— Пожалуйста, — снова попыталась Ира достучаться до Катарины. — Мне хотелось бы, чтобы ты на время позабыла, как сильно ты меня ненавидишь, и ответила мне на несколько вопросов.
На том конце провода стояла тишина.
Шания Твейн пела: «Get a life, get a grip, get away somewhere, take a grip»,
[17]и по какой-то причине Ире именно сейчас вспомнилось глуповатое название песни: «Come on Over». [18]Гетц взглянул на свои водонепроницаемые часы, но Ира не нуждалась ни в каких намеках. Она и так знала о цейтноте.
— Где находится труп курьера UPS? — спросила она.

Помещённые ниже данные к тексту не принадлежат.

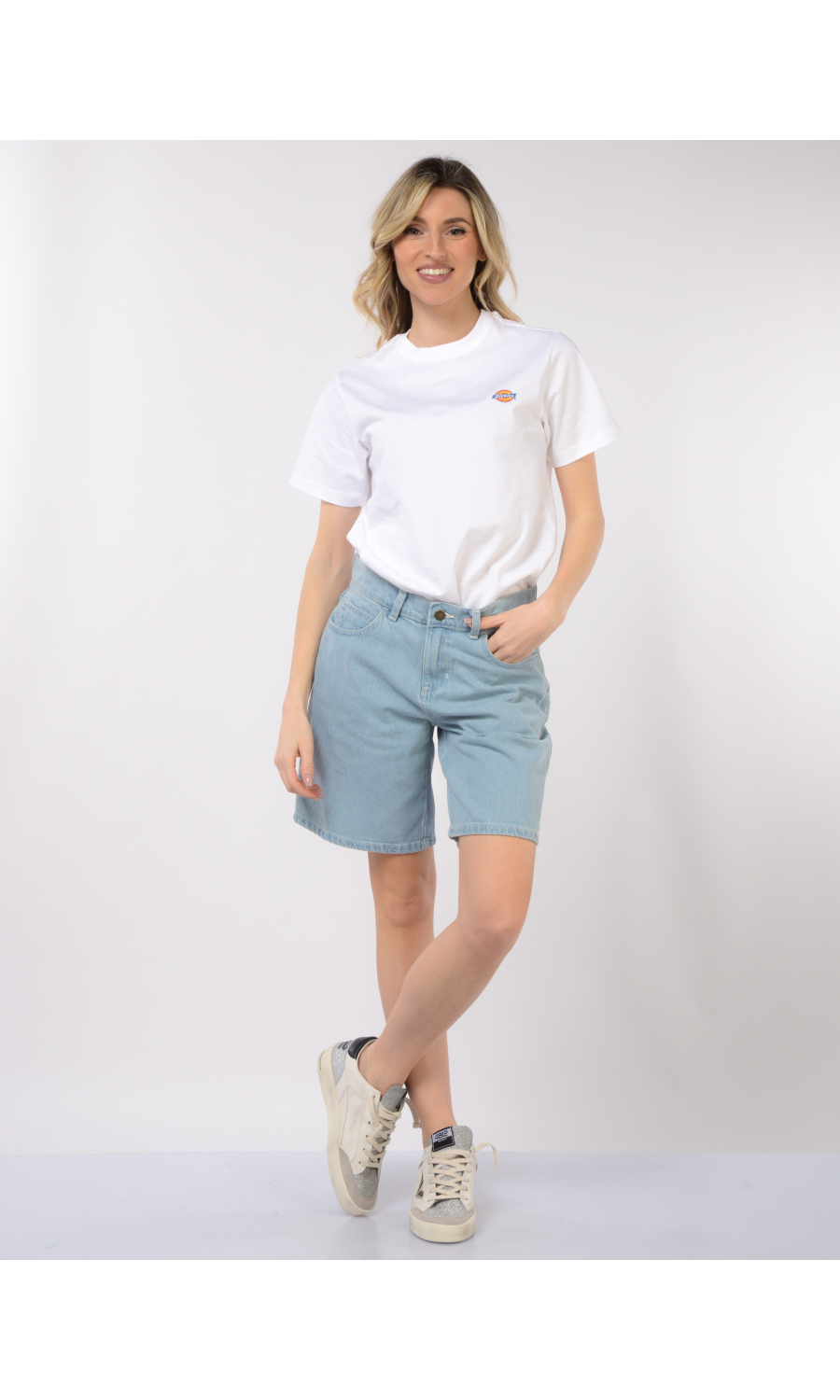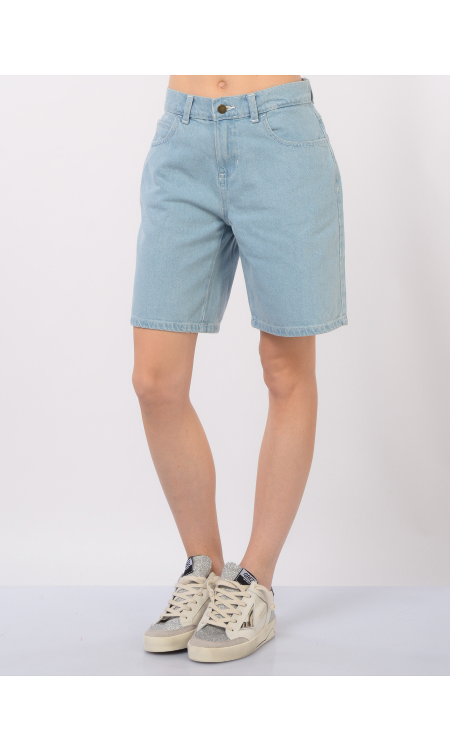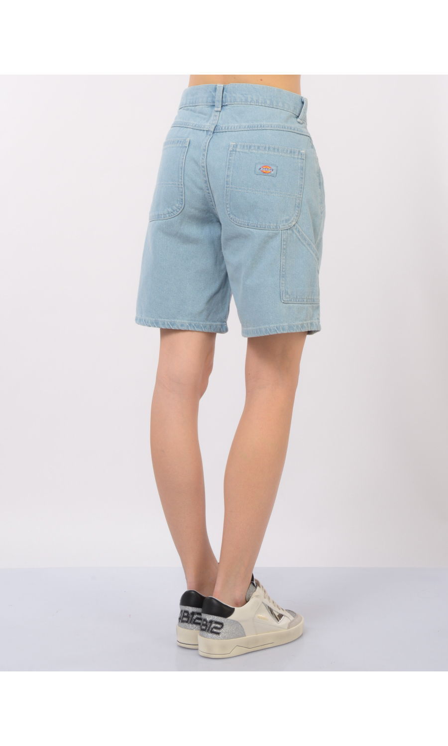 Bermuda modello Herndon in denim delave', chiusura frontale con bottone logato in metallo brunito a vista e zip nascosta, fascetta in vita con passanti, cinque tasche, logo in tessuto applicato sul retro.
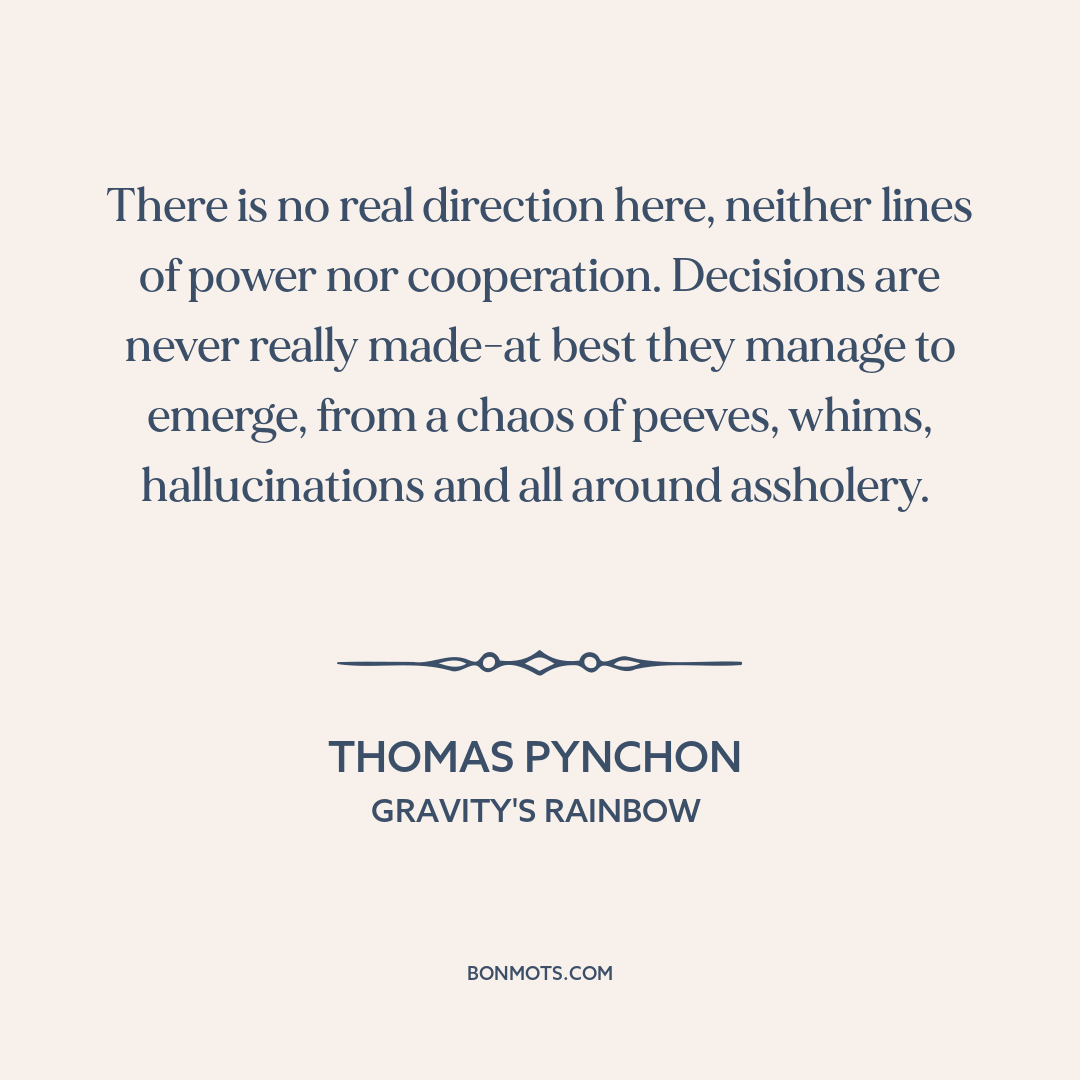 There is no real direction here, neither lines of power nor cooperation. Decisions are never really made-at best they manage to emerge, from a chaos of peeves, whims, hallucinations and all around assholery.
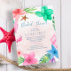 Modern ocean beach destination Hawaiian style bridal shower party invitation template featuring a colourful hibiscus flowers wreath with tropical leaves, a starfish, a pink flamingo bird and blue script over a watercolor wash blush pink background. ++++++++++ The invitation is suitable for summer aloha, seaside, ocean, beach, destination seasonal by the sea wedding bridal parties.
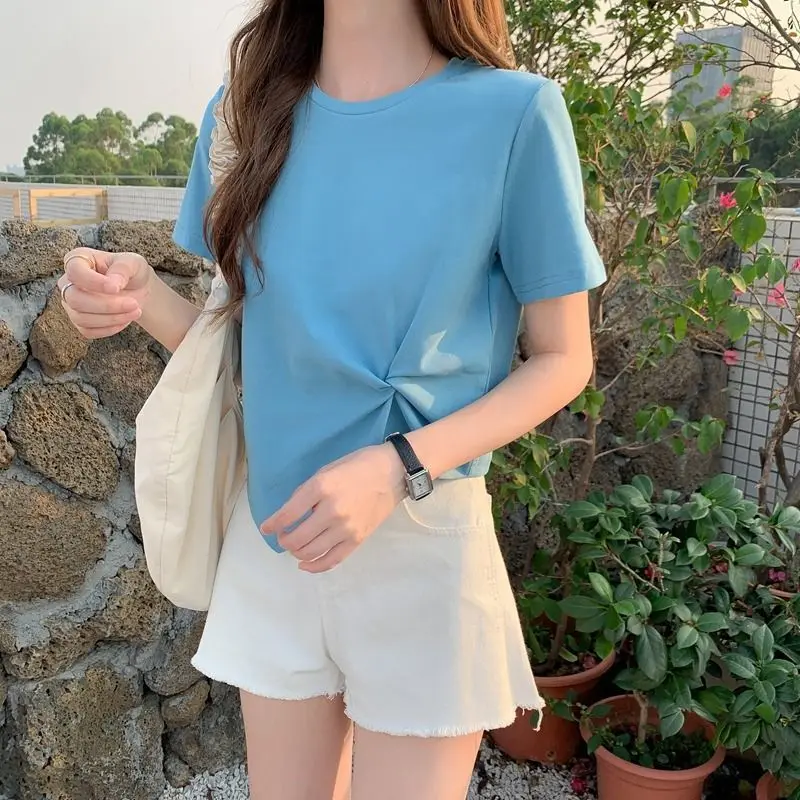Pure Cotton T-shirt Japanese and Korean Style Casual Short-sleeved T-shirt for Men and Women Solid Color Light Plate Mid-length
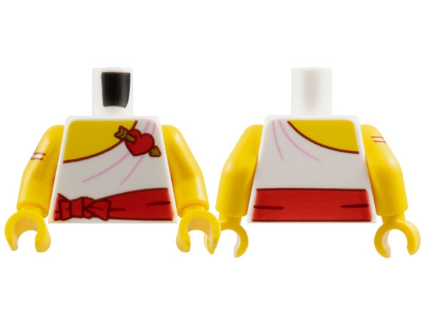 Torso Toga with Yellow Chest, Red Sash and Heart with Gold Arrow, Dark Red Outline and Bright Pink Folds Pattern / Yellow Arm Left / Yellow Arm Right with Gold and Reddish Brown Twisted Upper Arm Bracelet Pattern / Yellow Hands
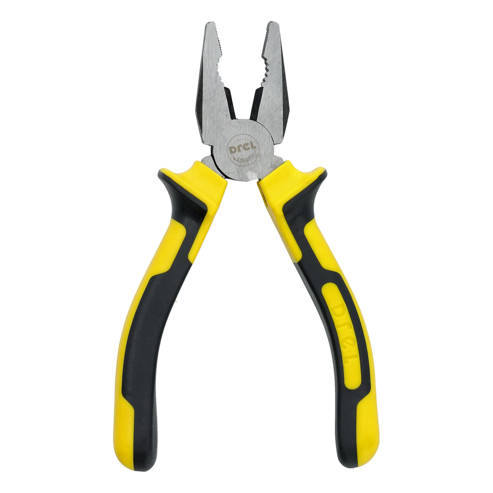 DREL-tangen på 160 mm er et pålideligt værktøj til dagligt arbejde i værkstedet, hjemmet og ved montage. Takket være de riflede kæber sikres et fast greb om forskellige materialer, og skær ved leddet muliggør ren klipning af tråd. Den forkromede overflade øger modstanden mod slid og korrosion.
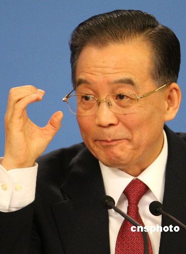 3月13日上午,溫家寶總理在中外記者招待會上回答中國新聞社記者、中國新聞網記者翁陽提問時表示,財政赤字還在可控的范圍內,債務也還是安全的。中新社發(fā) 任晨鳴 攝
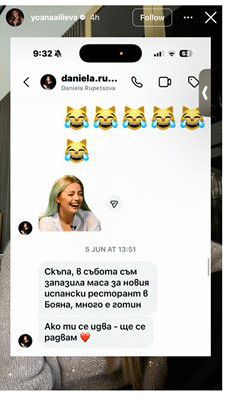 Илиева допълни, че през последните месеци Рупецова многократно се е опитвала да установи контакт с нея. Освен че ѝ е звъняла и писала, Даниела я е молила за контактите на нейния PR и дори я е канила на обяд. „Скъпа, в събота съм запазила маса за новия испански ресторант в Бояна, много е готин. Ако ти се идва – ще се радвам“, се казва в едно от съобщенията, изпратени от Рупецова.
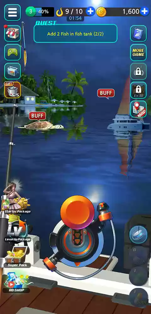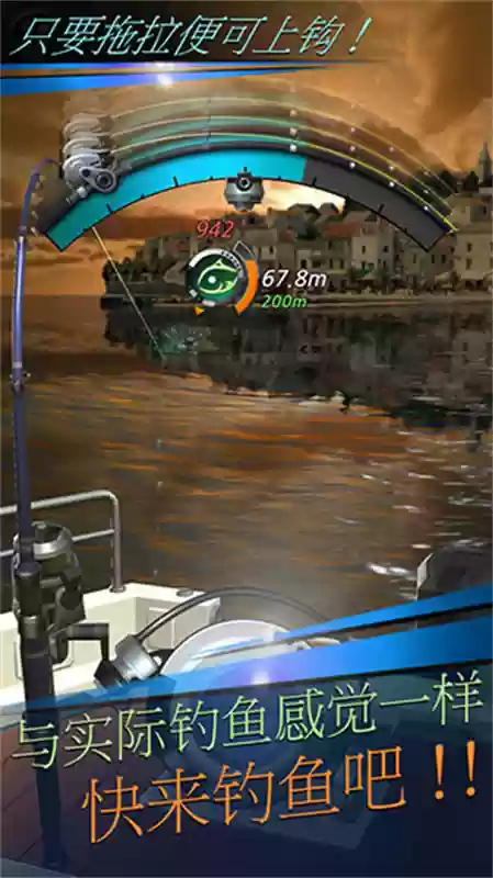 a.游戏有很多真实还原的场景,例如大海还有船和鱼钩,这里能够给予最真实的钓鱼体验,只需要简单的拖拉鱼就轻松上钩。
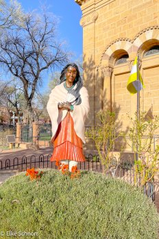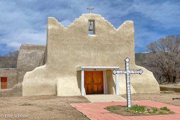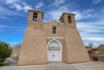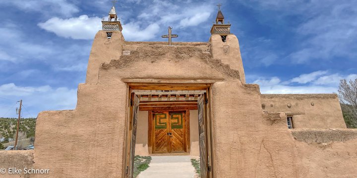 Für die Weiterfahrt nach Santa Fe begeben wir uns von hier auf die High Road to Taos. Diese führt durch viele kleine schnuckelige Örtchen und bietet tolle Ausblicke auf die umgebende Landschaft. Und wenn man die hübschen Kirchen im Adobe Stil mag, kommt man hier voll auf seine Kosten:
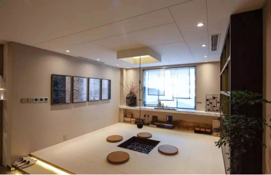 Tips:在榻榻米上,平日里可邀上好友,品茶、对弈、聊天,承担着休闲茶室的功能;或是在工作区域感到疲惫,那么移步榻榻米,无论是闭目养神还是品茶,无疑都是缓解压力的方法。
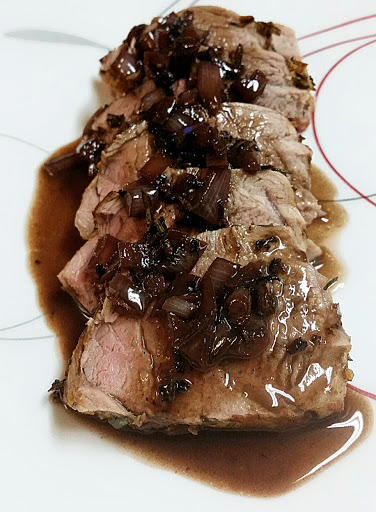 Remove pork from oven & pan/dish. Let rest for 8-10 mins. Slice, plate & cover with sauce.

Тишина вскоре прервалась щелчком. Затем последовала продолжительная пауза. Потом Катарина ответила:
— В маленьком ПЦУ.
— Это помещение для центральных устройств, — тихо пояснил Гетц, заметив, как Ира морщит лоб. — В студии есть дверь на кухню, из которой можно попасть на террасу и к темному чулану, куда перенесена часть студийной техники. Модемы, приборы для улучшения звука, запасной источник электроэнергии.
— Ты можешь видеть труп? — Ире пришлось дважды повторить вопрос, поскольку в первый раз она забыла нажать переговорную кнопку.
— Нет, но я видела, как он его прикончил.
Теперь голос Катарины зазвучал совершенно иначе. Но, возможно, это только казалось матери, которая предпочла бы услышать какое-то более человечное проявление, например страх, вместо этого ровного тона, полного ненависти к ней.
— Он сунул его в мешок для трупов и…
Внезапно что-то загремело, а потом связь прервалась.
— Что там случилось? — крикнула Ира громче, чем намеревалась, и уставилась на Гетца.
Тот успокаивающе поднял руки.
— Проклятье, что происходит?
Ира теперь почти орала. Она чувствовала себя как мотоциклист, который слишком быстро мчится по кривой и чересчур поздно замечает, что надо было лучше закрепить шлем. Она сейчас потеряла контроль над собой, и осознание этого почти душило ее. Спустя две секунды, которые длились целую вечность, новый щелчок принес наконец облегчение.
— Начинается, — прошептала Катарина так тихо, что ни Ира, ни Гетц не могли ее понять.
Но в этом уже не было необходимости. Одновременно Ира услышала это и по радио. Шанию Твейн сменил характерный звук набора цифр на телефоне.
17
Пока Ян набирал первые цифры номера, который он выбрал для следующего раунда своего извращенного варианта русской рулетки, Китти поставила рацию на самый слабый звук и так медленно, как только могла, выползла из своего укрытия. Дверца из пожелтевшего пластика слегка скрипнула, но это точно не было слышно сквозь толстую дверь студии, к которой она приникла, встав на цыпочки. Китти злилась на себя из-за разговора с матерью. Лучше бы она вообще с ней не говорила. Или просто сказала бы правду!
С ужасом она заметила, что стекло двери в радиостудию запотело от того, что она стояла к нему слишком близко. Она отодвинулась, чтобы ее дыхание не выдало ее. Туманное облачко на стекле таяло медленно, и она молилась, чтобы Ян в эту секунду не посмотрел на дверь кухни. Она рискнула кинуть на него быстрый взгляд и успокоилась. Террорист, опустив голову, стоял у телефонного аппарата. Он набрал последнюю цифру, и некоторое время ничего не происходило. Как будто он набрал заграничный номер.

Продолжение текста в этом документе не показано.